• LISTED RECORDS:
=-=-=-=-=
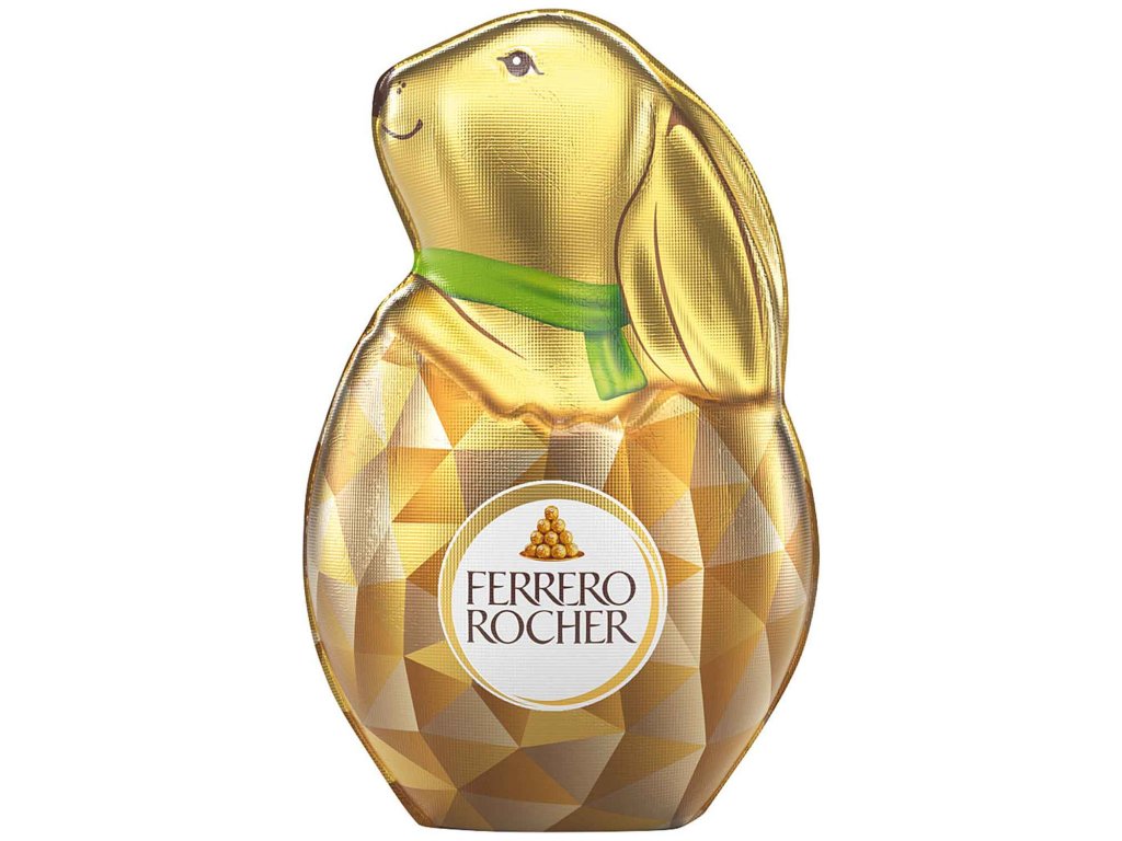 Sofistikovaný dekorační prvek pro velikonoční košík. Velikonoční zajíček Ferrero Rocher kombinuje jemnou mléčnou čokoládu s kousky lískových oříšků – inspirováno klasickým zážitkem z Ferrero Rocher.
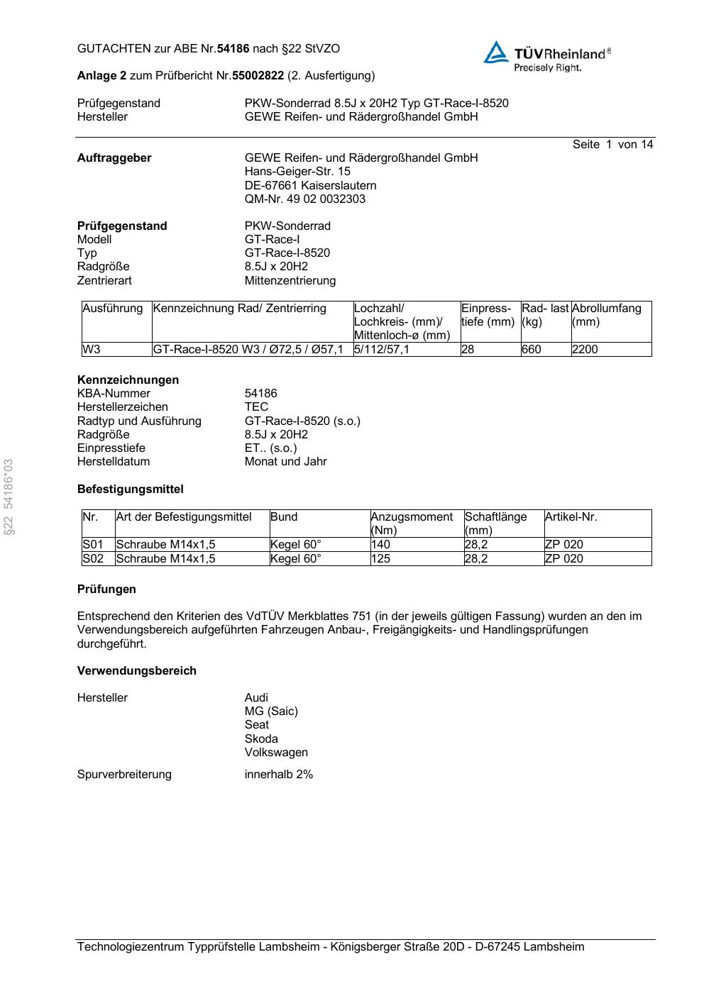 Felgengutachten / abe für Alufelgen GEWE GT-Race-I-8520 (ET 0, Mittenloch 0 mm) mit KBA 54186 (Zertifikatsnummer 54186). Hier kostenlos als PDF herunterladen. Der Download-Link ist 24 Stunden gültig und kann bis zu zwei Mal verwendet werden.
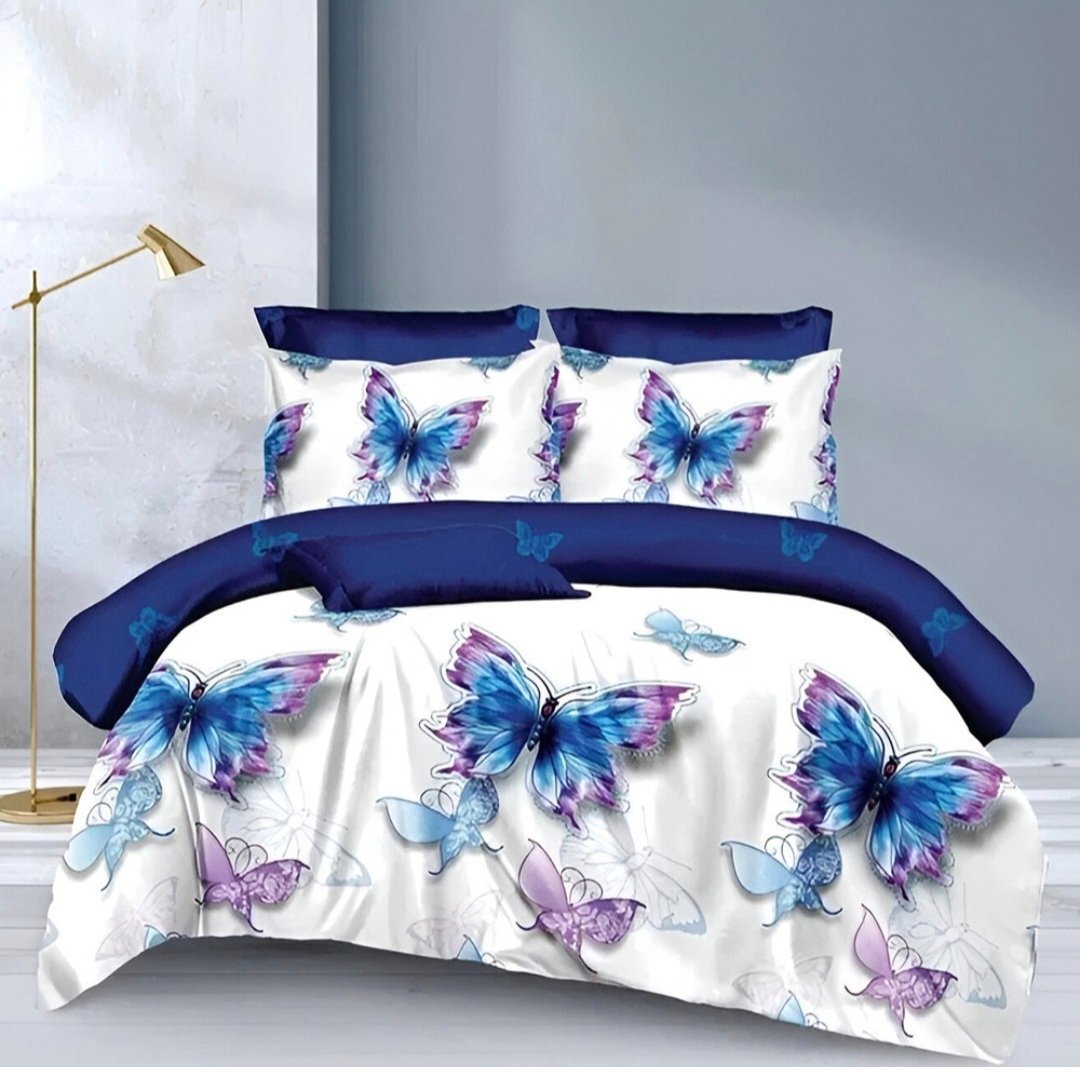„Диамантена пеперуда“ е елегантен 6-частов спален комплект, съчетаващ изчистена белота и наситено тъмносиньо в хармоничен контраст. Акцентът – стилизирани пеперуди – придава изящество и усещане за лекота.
=-=-=-=-=
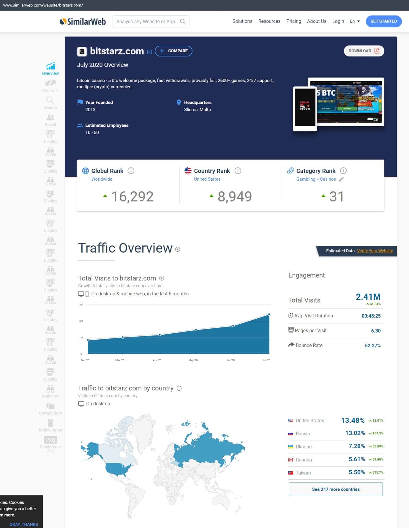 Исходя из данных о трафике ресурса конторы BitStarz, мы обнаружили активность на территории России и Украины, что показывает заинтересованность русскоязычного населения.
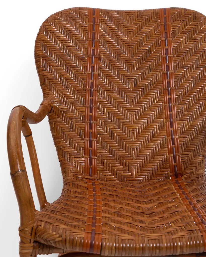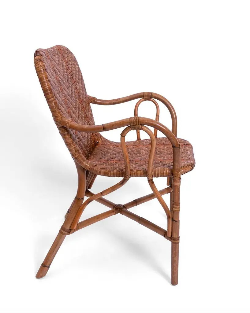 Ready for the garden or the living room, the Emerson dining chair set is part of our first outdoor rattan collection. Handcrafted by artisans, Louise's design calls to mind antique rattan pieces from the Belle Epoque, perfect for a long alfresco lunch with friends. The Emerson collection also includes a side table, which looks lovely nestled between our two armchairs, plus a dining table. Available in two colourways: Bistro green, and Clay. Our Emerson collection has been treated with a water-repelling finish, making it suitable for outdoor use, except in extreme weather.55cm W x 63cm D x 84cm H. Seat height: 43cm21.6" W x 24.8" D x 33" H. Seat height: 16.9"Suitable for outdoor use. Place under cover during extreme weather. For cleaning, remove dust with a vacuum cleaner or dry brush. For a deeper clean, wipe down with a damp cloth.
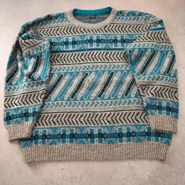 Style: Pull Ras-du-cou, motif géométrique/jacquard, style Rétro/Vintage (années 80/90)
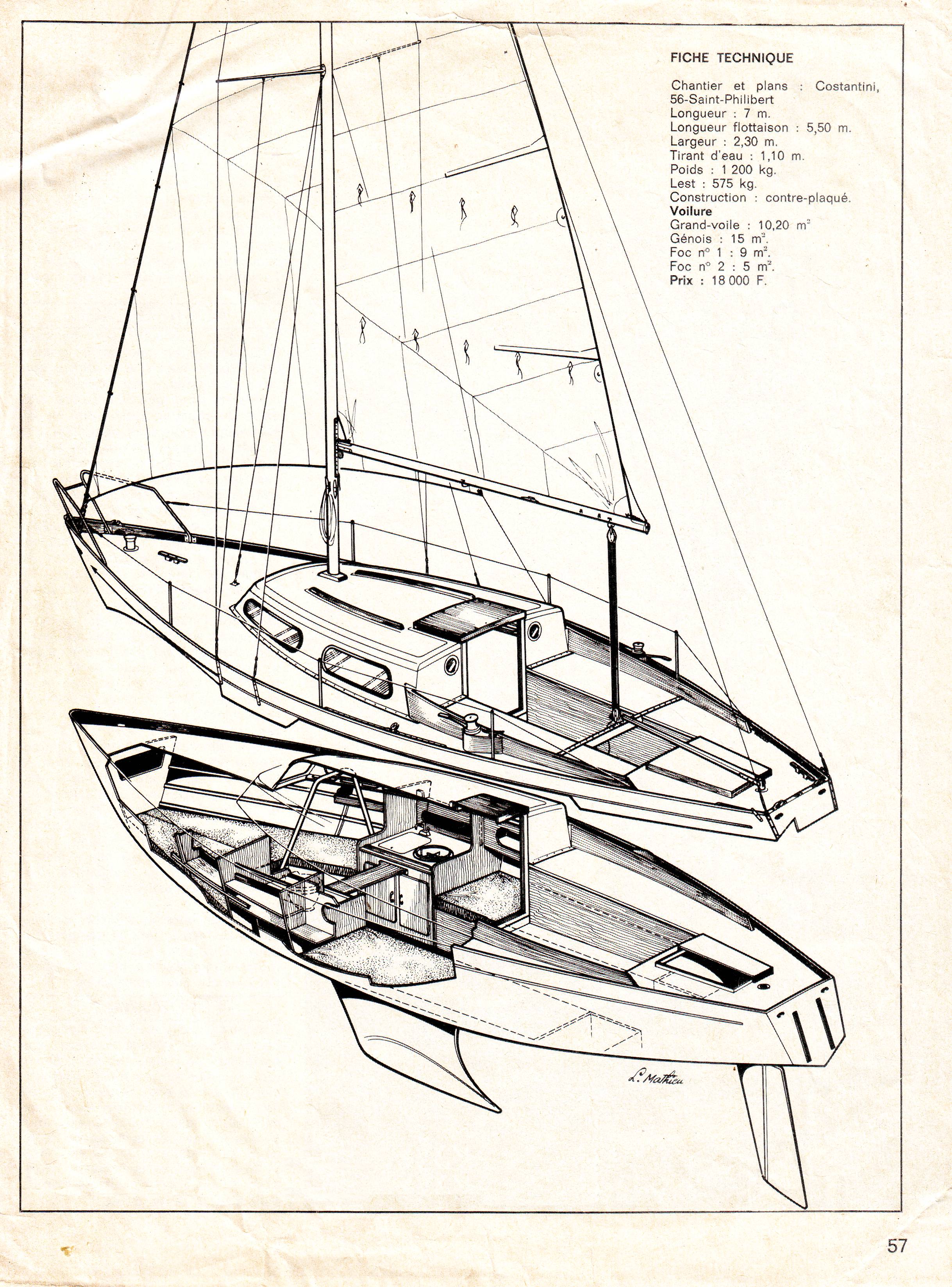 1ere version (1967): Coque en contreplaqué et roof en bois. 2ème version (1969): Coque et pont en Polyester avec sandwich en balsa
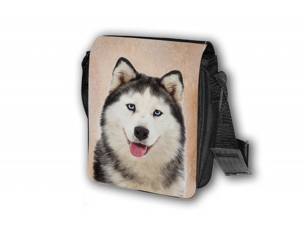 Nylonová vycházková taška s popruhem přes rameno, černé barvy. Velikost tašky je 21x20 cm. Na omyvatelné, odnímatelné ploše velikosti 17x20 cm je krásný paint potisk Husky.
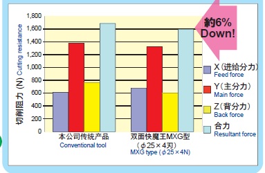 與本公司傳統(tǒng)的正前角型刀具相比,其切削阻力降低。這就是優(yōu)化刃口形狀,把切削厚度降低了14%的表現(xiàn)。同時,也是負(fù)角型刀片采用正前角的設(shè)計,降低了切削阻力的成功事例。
=-=-=-=-=
• EXERCISE DESCRIPTION: Return exactly the lines above, from the one with "Style: Pull Ras-du-cou, motif" up to and including the one with "Nylonová vycházková taška", and include no pictures.

• RESULT FOR THIS EXERCISE:
 Style: Pull Ras-du-cou, motif géométrique/jacquard, style Rétro/Vintage (années 80/90)
 1ere version (1967): Coque en contreplaqué et roof en bois. 2ème version (1969): Coque et pont en Polyester avec sandwich en balsa
 Nylonová vycházková taška s popruhem přes rameno, černé barvy. Velikost tašky je 21x20 cm. Na omyvatelné, odnímatelné ploše velikosti 17x20 cm je krásný paint potisk Husky.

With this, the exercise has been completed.